_What is expected_
Transcribe the listing that follows in full, omitting pictures.

_Data excerpt_
--- START ---

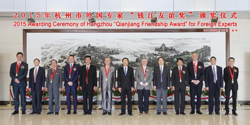 2015年8月19日,杭州市外国专家“钱江友谊奖”颁奖仪式在之江饭店隆重举行。杭州市人民政府市长张鸿铭先生、秘书长王宏先生、人力资源和社会保障局局长郭禾阳先生等领导出席了此次颁奖仪式。
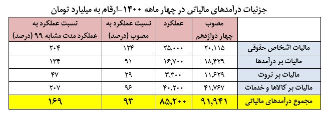 مجموع درآمدهای مالیاتی مصوب طبق قانون بودجه برای چهار ماهه اول سال جاری 91 هزار و 941 میلیارد تومان بوده که حدود 93 درصد این رقم تحقق پیدا کرده است.
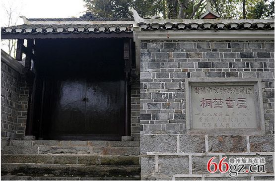 桐埜书屋为近年遗址上重建的一栋依山而建的穿斗木质明清建筑。门头上悬挂着贵州当代著名学者、书法家戴明贤老先生用苍劲自然的行书题写的“桐埜书屋”四个大字匾额。走进大门,堂屋的正中央悬挂着这儿曾经的主人周起渭和夫人的画像,令人肃然起敬。

--- END ---

_The completed task_
 2015年8月19日,杭州市外国专家“钱江友谊奖”颁奖仪式在之江饭店隆重举行。杭州市人民政府市长张鸿铭先生、秘书长王宏先生、人力资源和社会保障局局长郭禾阳先生等领导出席了此次颁奖仪式。
 مجموع درآمدهای مالیاتی مصوب طبق قانون بودجه برای چهار ماهه اول سال جاری 91 هزار و 941 میلیارد تومان بوده که حدود 93 درصد این رقم تحقق پیدا کرده است.
 桐埜书屋为近年遗址上重建的一栋依山而建的穿斗木质明清建筑。门头上悬挂着贵州当代著名学者、书法家戴明贤老先生用苍劲自然的行书题写的“桐埜书屋”四个大字匾额。走进大门,堂屋的正中央悬挂着这儿曾经的主人周起渭和夫人的画像,令人肃然起敬。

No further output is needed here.